I would urge some caution with interpreting these kinds of results when you're working with the eukaryotic fraction of the library only. If you're interested in looking at how eukaryotic species vary between samples, I would focus more at looking at how the amount of individual species vary between samples than how the community composition varies, as that will be more robust with these data.

saras224 commented 2 years ago

Hi @allind

  1. Can I use the read counts directly as the abundance because I have the same number of reads in all the samples so even if I divide all the read counts for each species by the total read count in the sample then the proportion will remain the same because they are getting divided by the same number.

  2. Second question that if for a particular species suppose X species is found to have 100 read counts in sample A and species Y is found to have 60 read counts in the same sample so can we say that species X is more in abundance than species Y in sample A?
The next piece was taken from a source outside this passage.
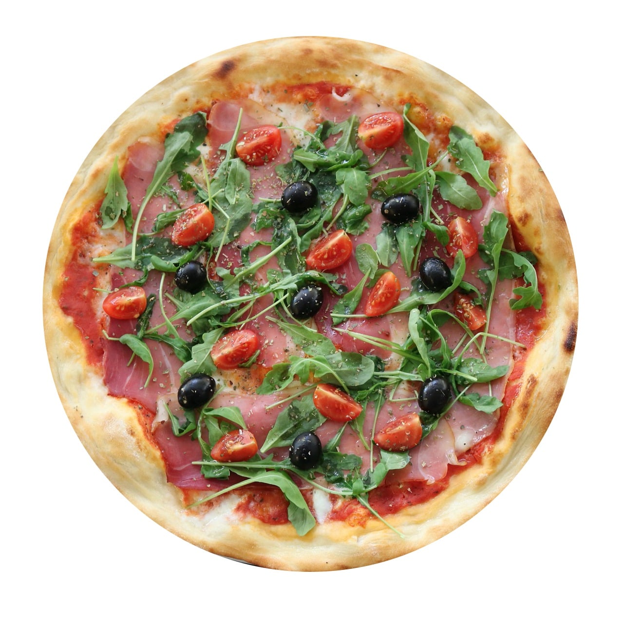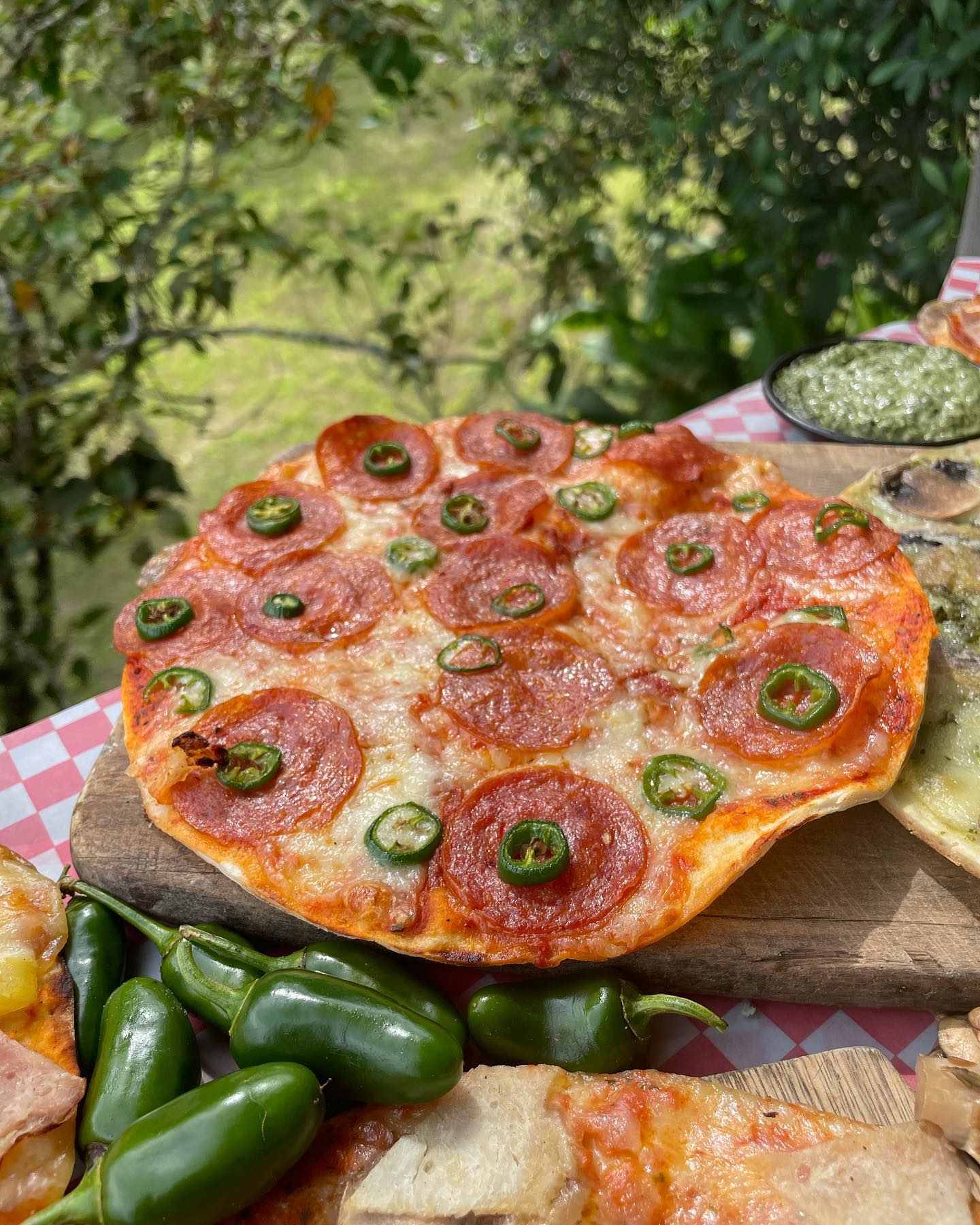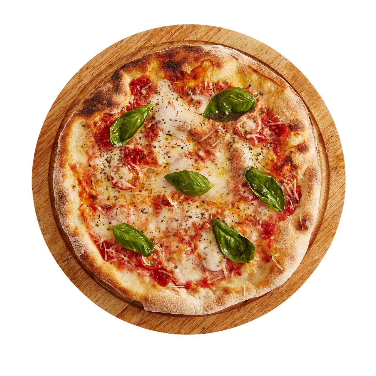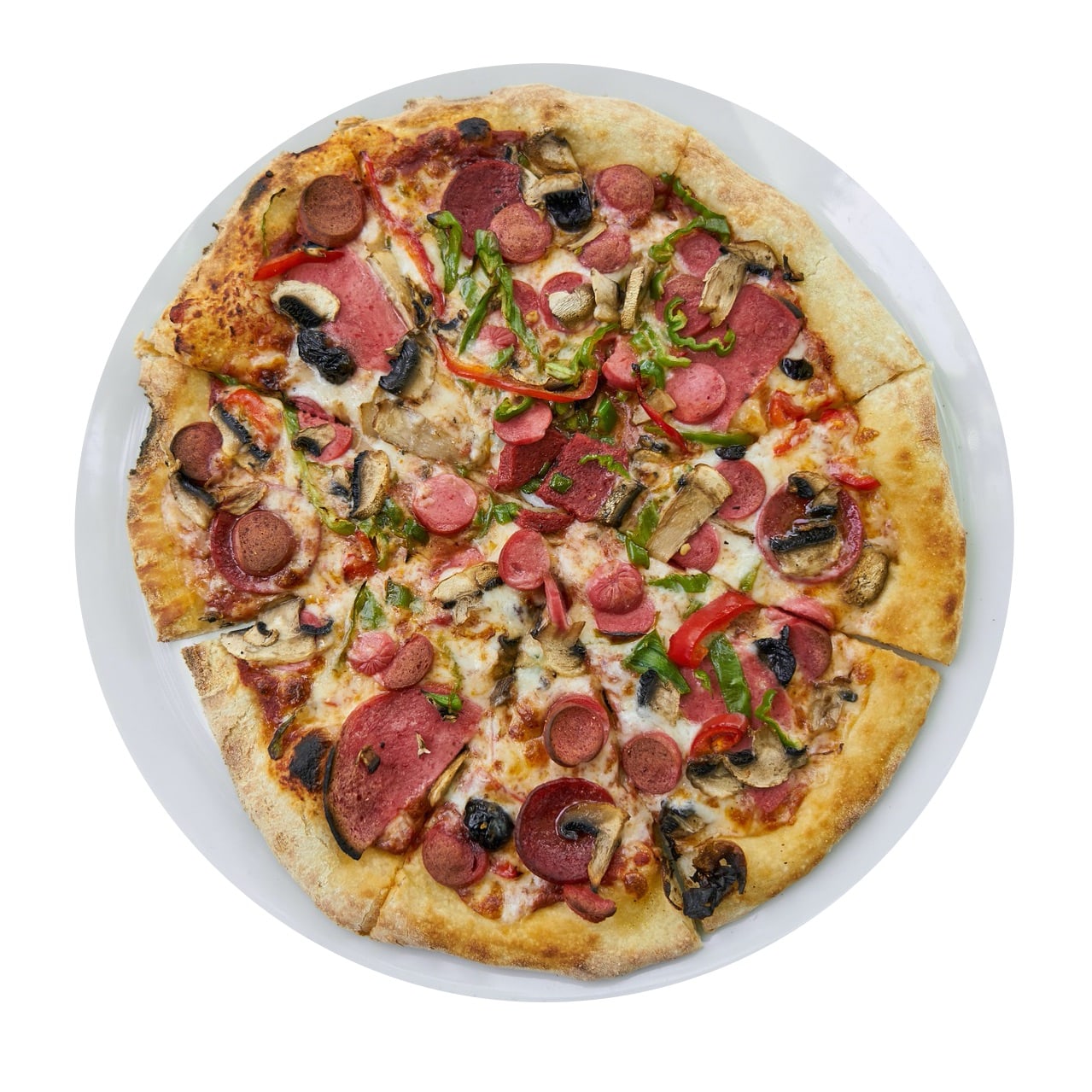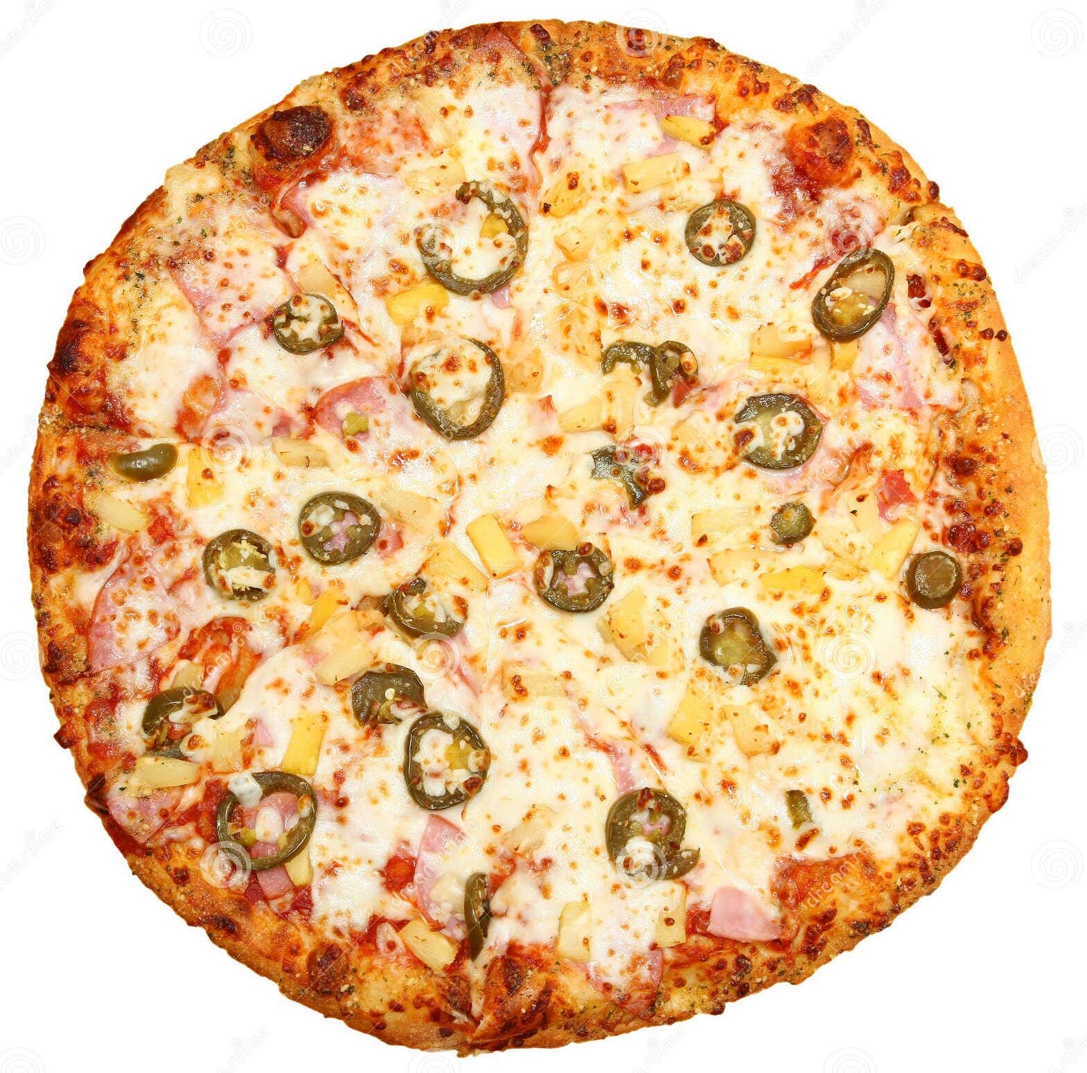 Margarita clásica, peperoni y jalapeño, piña y jamón, champiñones, vegetariana
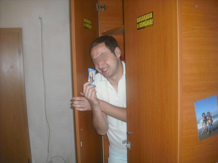 Copiii, din fericire, vor constientiza implicatiile umilitoare ale actiunilor lor abia mai tarziu. Inca mai au o sansa la salvare. Lucru care nu poate fi spus despre oamenii care aleg sa se umileasca de buna voie in public. Spre exemplu, individul de mai jos - protagonist al 18 clipuri postate pe pagina de Facebook a Biscuitilor Ulpio. Care isi demonstreaza loialitatea mancand Cremita direct din chiuveta, perete, culeasa de pe un geam si, cireasa de pe tort, direct din cosul de gunoi.

  3. Also you said that it will be more meaningful to plot how a species is varying across the different samples but the question is on what parameter should I be plotting? should it be read counts or the total marker coverage? If I plot with total marker coverage as you said earlier, the problem is that the sum of the total marker coverage column in different samples will be different so I cannot use it for indicating the abundance across different samples as I have understood.

  4. One more doubt: In the table, there are two columns one is the percentage observed marker and the other is total marker percentage what do both indicate since the name is quite confusing.

Thanks

allind commented 2 years ago

Hi, there's a new release of eukdetect that may help you with these questions. The new release calculates a proxy for relative abundance called "eukaryotic fraction". Since eukaryotes usually make up very small amounts of microbiome sequencing libraries, this number should also be considered alongside the proxy for absolute abundance, which is reported by eukdetect as "reads per kilobase of sequence" or "RPKS". Please reach out with any questions.